I’ve recently started learning a “romance” language and it made me wonder why certain areas of the Roman Empire seem to have had Latin stick as a foundation of their modern language whereas other areas that were occupied or a part of the empire for just as long or longer did not.

MichaelJTaylorPhD

Part of the answer is that the Eastern Mediterranean already had a well-established lingua franca in koine Greek, a transnational dialect of Greek spoken in the areas conquered by Alexander the Great and ruled by his successors, who used it as their administrative language, as well as the language of high culture, and a necessity for mobile individuals like merchants. Mind you, people still generally spoke native languages, including Demotic in Egypt and Aramaic across much of the Levant (notably the Jesus' native language). Indeed, the entire reason the New Testament was written in koine Greek, rather than Hebrew or Aramaic, was precisely because this was the language that had the most reach.
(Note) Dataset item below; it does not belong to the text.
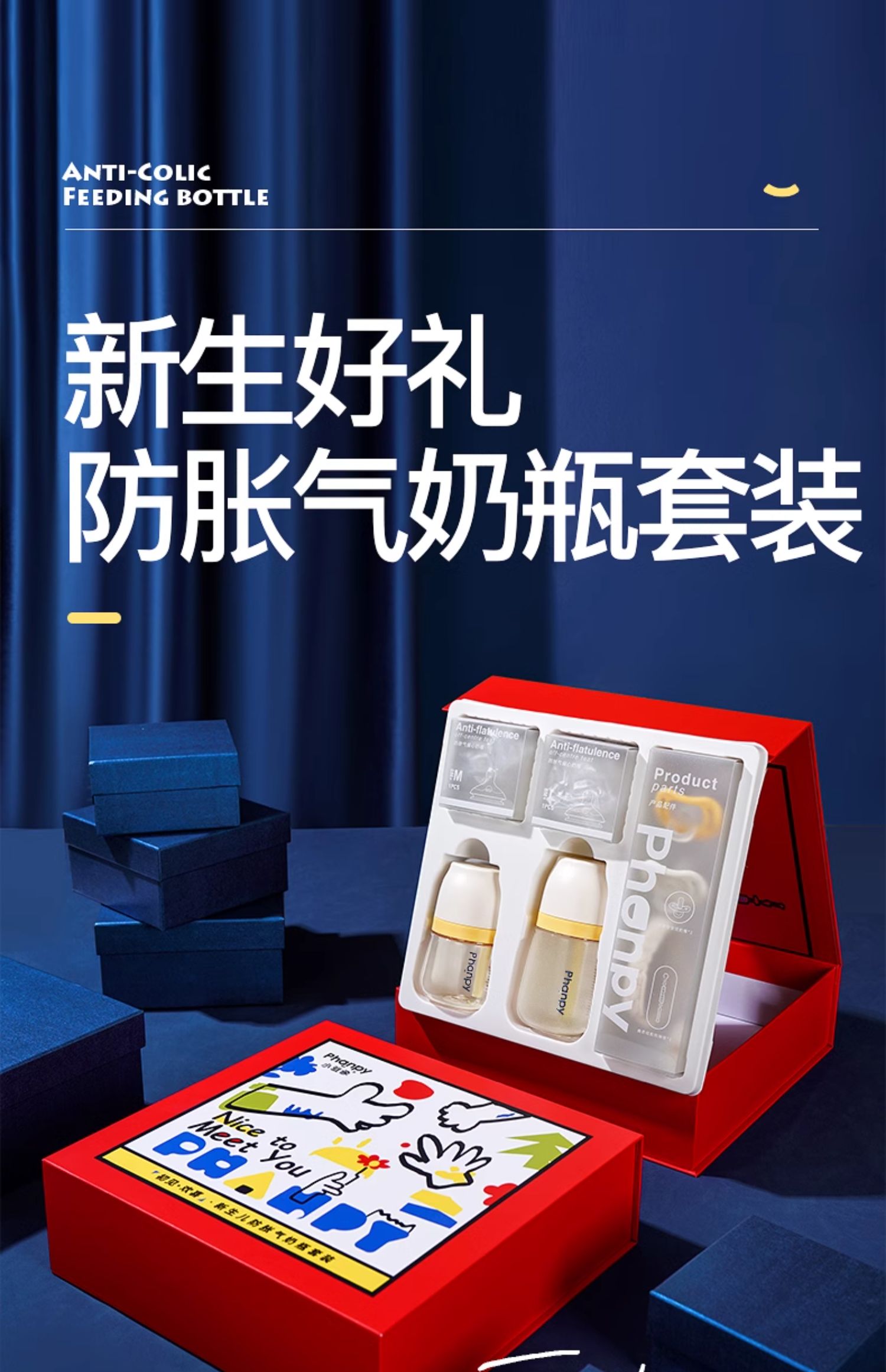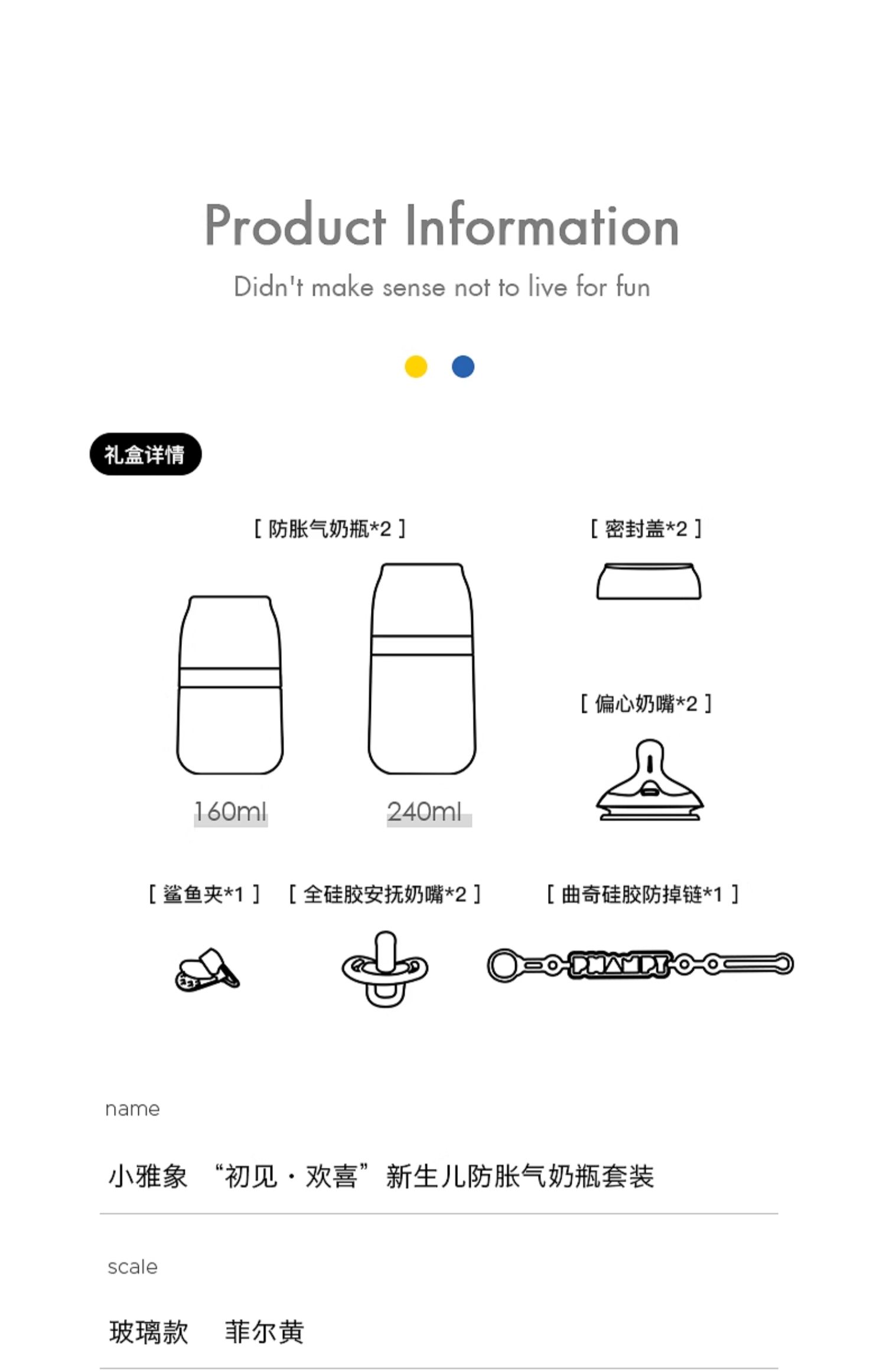 小雅象新生婴儿奶瓶玻璃PPSU耐摔防胀气宝宝初生礼盒套装送礼高档

There was no similar lingua Franca in the western Mediterranean prior to the Roman conquests, although Punic probably was the most widespread major language. The spread of Latin in the west was promoted not only by Roman administration, but critically by massive colonization under Caesar, the triumvirs and Augustus, when hundreds of thousands of discharged soldiers were settled. Most Roman colonists during this period settled in Spain, Gaul, North Africa and Illyria. There was some colonization in the east, including the refoundation of Corinth in 46 and a major veterans' settlement in Beruit, but in the east these efforts were far less in scope and scale. While places like Corinth had a Latin speaking population (attested by Latin inscriptions), it was largely subsumed by the sea of Greekness.

Meanwhile, in the west, the prestige of Latin as an administrative language, coupled with the infusion of thousands of Latin speaking colonists, produced the conditions for the eventual deep penetration of Latin. The process was undoubtedly complex, and the shifting orientations of elites in the western provinces (who were more fragmented and more recently disrupted by war and conquest than their counterparts in the Greek east) no doubt also plays a considerable role in the story. The process was not rapid; Punic endured in North Africa for centuries, as did Celtic dialects in Gaul; Augustine was aware of vestigial Punic even in the 5th century AD.